◆ TASK PROMPT: Reproduce the entries that follow exactly, dropping each image.
━━ RECORDS TO USE
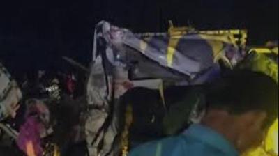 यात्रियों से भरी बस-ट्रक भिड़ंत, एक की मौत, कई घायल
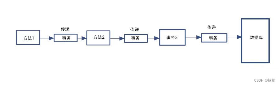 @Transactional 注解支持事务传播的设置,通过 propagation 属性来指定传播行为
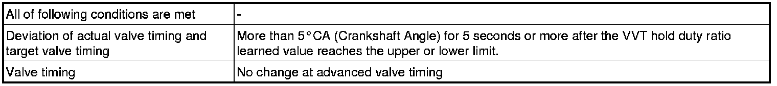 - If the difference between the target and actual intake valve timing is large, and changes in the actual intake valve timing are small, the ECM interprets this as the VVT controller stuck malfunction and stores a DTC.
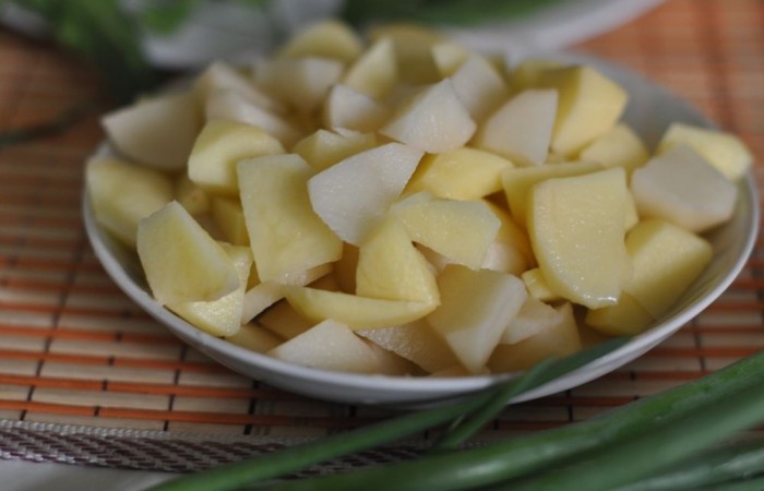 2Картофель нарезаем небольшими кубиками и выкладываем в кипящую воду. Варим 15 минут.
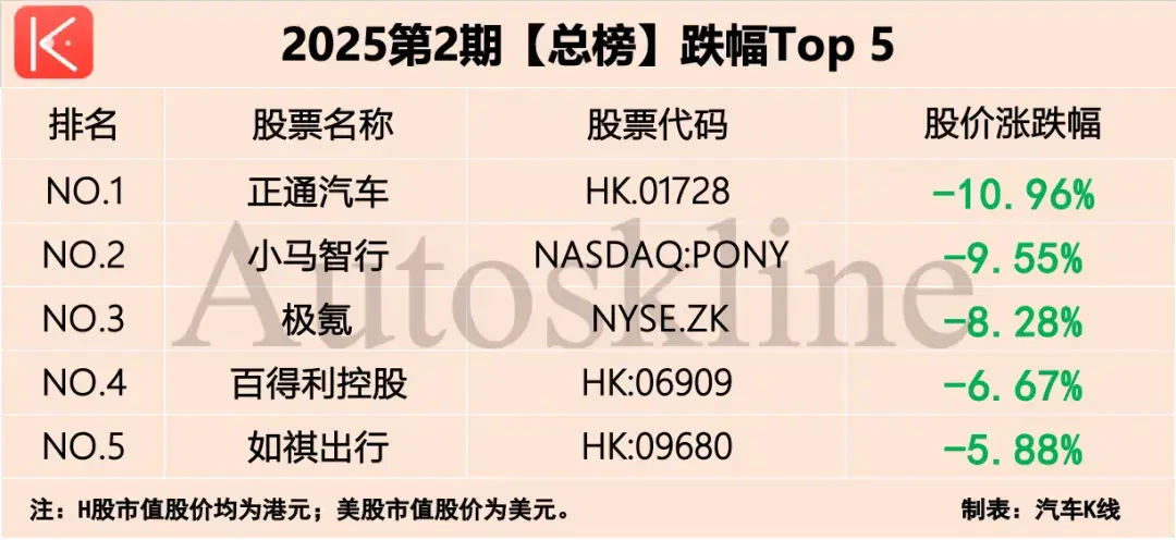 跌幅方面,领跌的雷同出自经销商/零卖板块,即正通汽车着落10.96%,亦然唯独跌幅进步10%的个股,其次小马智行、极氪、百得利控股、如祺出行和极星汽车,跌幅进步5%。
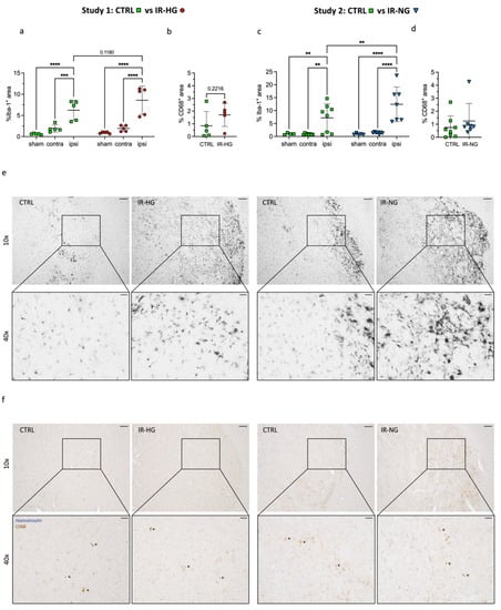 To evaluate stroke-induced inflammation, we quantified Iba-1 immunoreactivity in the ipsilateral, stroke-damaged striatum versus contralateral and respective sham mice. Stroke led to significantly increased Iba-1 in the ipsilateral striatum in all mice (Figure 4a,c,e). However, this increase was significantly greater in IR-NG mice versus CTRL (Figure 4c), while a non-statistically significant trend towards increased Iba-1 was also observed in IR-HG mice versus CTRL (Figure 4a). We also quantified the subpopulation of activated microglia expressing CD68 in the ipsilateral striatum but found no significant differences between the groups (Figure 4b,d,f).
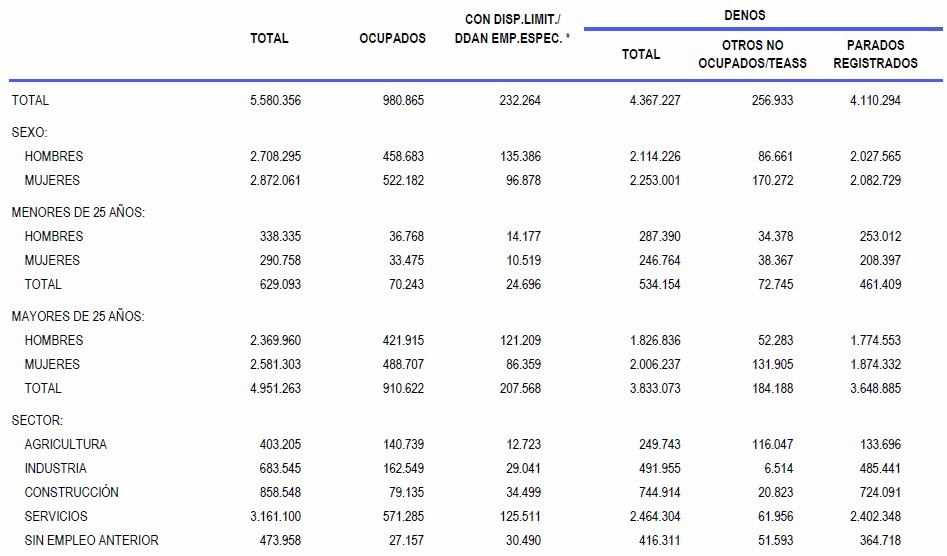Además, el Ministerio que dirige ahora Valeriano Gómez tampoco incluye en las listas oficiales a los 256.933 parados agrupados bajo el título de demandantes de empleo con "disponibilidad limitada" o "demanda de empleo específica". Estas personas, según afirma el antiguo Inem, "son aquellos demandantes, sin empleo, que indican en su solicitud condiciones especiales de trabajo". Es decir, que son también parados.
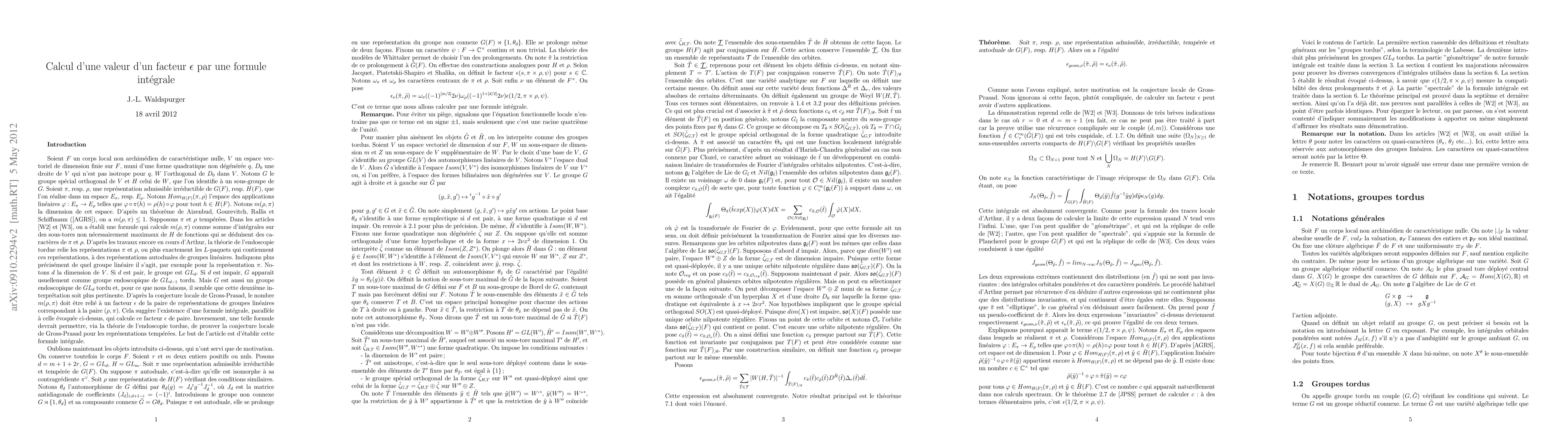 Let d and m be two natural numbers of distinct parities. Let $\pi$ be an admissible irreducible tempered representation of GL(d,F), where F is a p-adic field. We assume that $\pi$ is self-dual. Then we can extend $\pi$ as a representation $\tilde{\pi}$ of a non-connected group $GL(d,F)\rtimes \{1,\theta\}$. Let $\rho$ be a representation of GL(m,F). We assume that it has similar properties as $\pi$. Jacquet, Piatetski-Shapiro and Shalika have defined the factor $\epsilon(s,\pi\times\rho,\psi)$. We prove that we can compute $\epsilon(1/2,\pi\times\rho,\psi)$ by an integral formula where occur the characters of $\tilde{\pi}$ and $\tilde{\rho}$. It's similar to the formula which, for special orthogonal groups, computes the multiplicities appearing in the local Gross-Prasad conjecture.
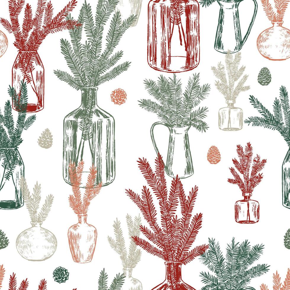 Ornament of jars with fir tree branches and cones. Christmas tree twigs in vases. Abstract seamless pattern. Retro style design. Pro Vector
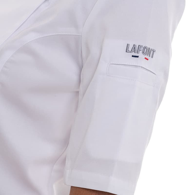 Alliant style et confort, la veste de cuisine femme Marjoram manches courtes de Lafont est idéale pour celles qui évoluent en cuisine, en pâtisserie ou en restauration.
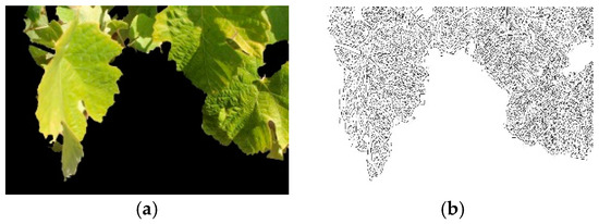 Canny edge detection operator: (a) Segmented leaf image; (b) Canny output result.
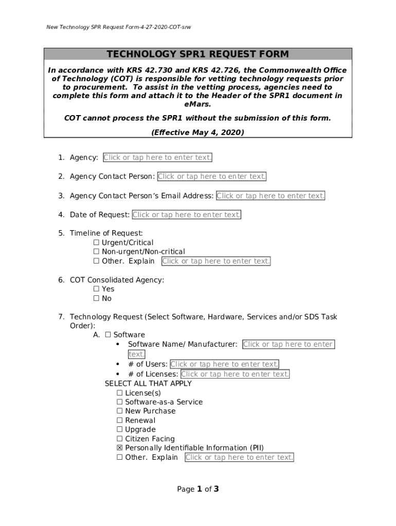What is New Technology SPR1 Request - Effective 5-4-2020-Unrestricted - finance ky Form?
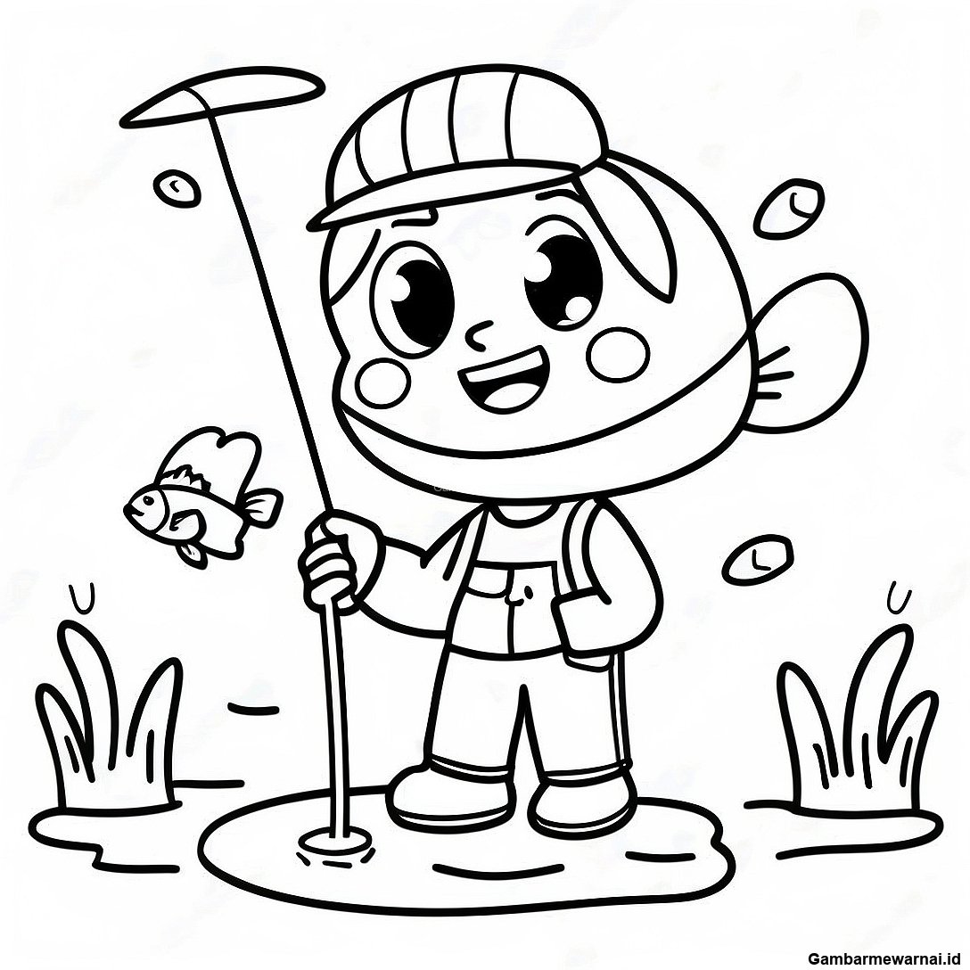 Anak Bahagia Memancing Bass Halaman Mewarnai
━━━━
◆ RESULT OF THE EXERCISE:
 यात्रियों से भरी बस-ट्रक भिड़ंत, एक की मौत, कई घायल
 @Transactional 注解支持事务传播的设置,通过 propagation 属性来指定传播行为
 - If the difference between the target and actual intake valve timing is large, and changes in the actual intake valve timing are small, the ECM interprets this as the VVT controller stuck malfunction and stores a DTC.
 2Картофель нарезаем небольшими кубиками и выкладываем в кипящую воду. Варим 15 минут.
 跌幅方面,领跌的雷同出自经销商/零卖板块,即正通汽车着落10.96%,亦然唯独跌幅进步10%的个股,其次小马智行、极氪、百得利控股、如祺出行和极星汽车,跌幅进步5%。
 To evaluate stroke-induced inflammation, we quantified Iba-1 immunoreactivity in the ipsilateral, stroke-damaged striatum versus contralateral and respective sham mice. Stroke led to significantly increased Iba-1 in the ipsilateral striatum in all mice (Figure 4a,c,e). However, this increase was significantly greater in IR-NG mice versus CTRL (Figure 4c), while a non-statistically significant trend towards increased Iba-1 was also observed in IR-HG mice versus CTRL (Figure 4a). We also quantified the subpopulation of activated microglia expressing CD68 in the ipsilateral striatum but found no significant differences between the groups (Figure 4b,d,f).
Además, el Ministerio que dirige ahora Valeriano Gómez tampoco incluye en las listas oficiales a los 256.933 parados agrupados bajo el título de demandantes de empleo con "disponibilidad limitada" o "demanda de empleo específica". Estas personas, según afirma el antiguo Inem, "son aquellos demandantes, sin empleo, que indican en su solicitud condiciones especiales de trabajo". Es decir, que son también parados.
 Let d and m be two natural numbers of distinct parities. Let $\pi$ be an admissible irreducible tempered representation of GL(d,F), where F is a p-adic field. We assume that $\pi$ is self-dual. Then we can extend $\pi$ as a representation $\tilde{\pi}$ of a non-connected group $GL(d,F)\rtimes \{1,\theta\}$. Let $\rho$ be a representation of GL(m,F). We assume that it has similar properties as $\pi$. Jacquet, Piatetski-Shapiro and Shalika have defined the factor $\epsilon(s,\pi\times\rho,\psi)$. We prove that we can compute $\epsilon(1/2,\pi\times\rho,\psi)$ by an integral formula where occur the characters of $\tilde{\pi}$ and $\tilde{\rho}$. It's similar to the formula which, for special orthogonal groups, computes the multiplicities appearing in the local Gross-Prasad conjecture.
 Ornament of jars with fir tree branches and cones. Christmas tree twigs in vases. Abstract seamless pattern. Retro style design. Pro Vector
 Alliant style et confort, la veste de cuisine femme Marjoram manches courtes de Lafont est idéale pour celles qui évoluent en cuisine, en pâtisserie ou en restauration.
 Canny edge detection operator: (a) Segmented leaf image; (b) Canny output result.
What is New Technology SPR1 Request - Effective 5-4-2020-Unrestricted - finance ky Form?
 Anak Bahagia Memancing Bass Halaman Mewarnai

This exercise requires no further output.